Effects of groundwater withdrawals from the Hurricane Fault zone on discharge of saline water from Pah Tempe Springs, Washington County, Utah

Pah Tempe Springs, located in Washington County, Utah, contribute about 95,000 tons of dissolved solids annually along a 1,500-foot gaining reach of the Virgin River. The river gains more than 10 cubic feet per second along the reach as thermal, saline springwater discharges from dozens of orifices located along the riverbed and above the river on both banks. The spring complex discharges from fractured Permian Toroweap Limestone where the river crosses the north-south trending Hurricane Fault. The Bureau of Reclamation Colorado River Basin Salinity Control Program is evaluating the feasibility of capturing and desalinizing the discharge of Pah Tempe Springs to improve downstream water quality in the Virgin River. The most viable plan, identified by the Bureau of Reclamation in early studies, is to capture spring discharge by pumping thermal groundwater from within the Hurricane Fault footwall damage zone and to treat this water prior to returning it to the river.

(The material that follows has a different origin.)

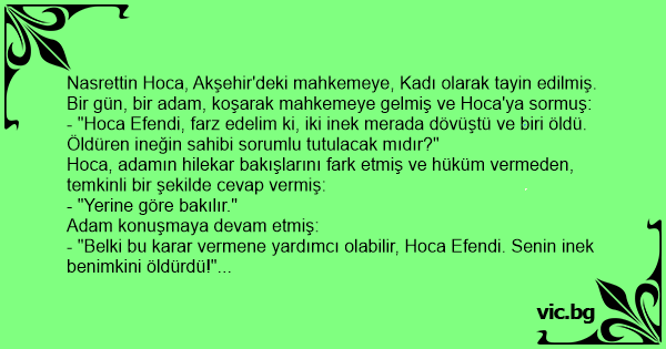 Nasrettin Hoca, Akşehir'deki mahkemeye, Kadı olarak tayin edilmiş. Bir gün, bir adam, koşarak mahkemeye gelmiş ve Hoca'ya sormuş:

Three multiple-day interference tests were conducted between November 2013 and November 2014, wherein thermal groundwater was pumped from fractured carbonate rock in the fault damage zone at rates of up to 7 cubic feet per second. Pumping periods for these tests lasted approximately 66, 74, and 67 hours, respectively, and the tests occurred with controlled streamflows of approximately 2.0, 3.5, and 24.5 cubic feet per second, respectively, in the Virgin River upstream from the springs reach. Specific conductance, water temperature, and discharge were monitored continuously in the river (upstream and downstream of the springs reach) at selected individual springs, and in the pumping discharge during each of the tests. Water levels were monitored in three observation wells screened in the thermal system. Periodic stream and groundwater samples were analyzed for dissolved-solids concentration and the stable isotopes of oxygen and hydrogen. Additional discrete measurements of field parameters (specific conductance, water temperature, pH, and discharge) were made at up to 26 sites along the springs reach. These data demonstrate the interaction between the saline, thermal groundwater system and the Virgin River, and provide estimates of reductions in dissolved-solids loads to the river.

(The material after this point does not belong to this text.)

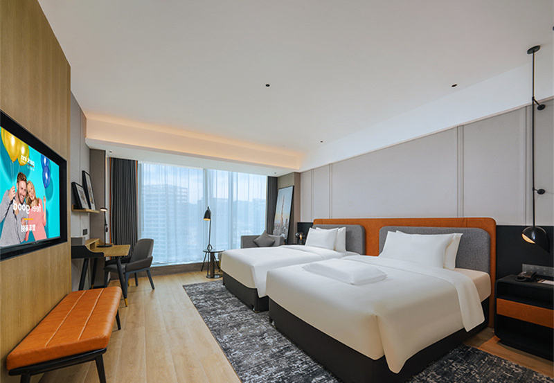 Modern Queen King Size Upholstery Wooden Bed Frame Nightstand Side Tables 3-Star Hotel Apartment Bedroom Set Hospitality Use

The interference tests show that pumping thermal groundwater from the shallow carbonate aquifer adjacent to the springs is effective at capturing high dissolved-solids loads discharging from Pah Tempe Springs before they enter the Virgin River. Discharge measurements made in the Virgin River downstream of the springs reach show that streamflow is reduced by approximately the amount pumped, indicating that complete capture of thermal discharge is possible. During the February 2014 test, the dissolved-solids load removed by pumping (190 tons per day) was approximately equal to the dissolved-solids load reduction observed in the river below the springs reach, indicating near 100-percent efficient capture of spring-sourced dissolved solids. However, an observed decrease in temperature and specific conductance of the pumping discharge during the high-flow test in November 2014 showed that capture of the cool, fresh river water can occur and is more likely at a higher stage in the Virgin River.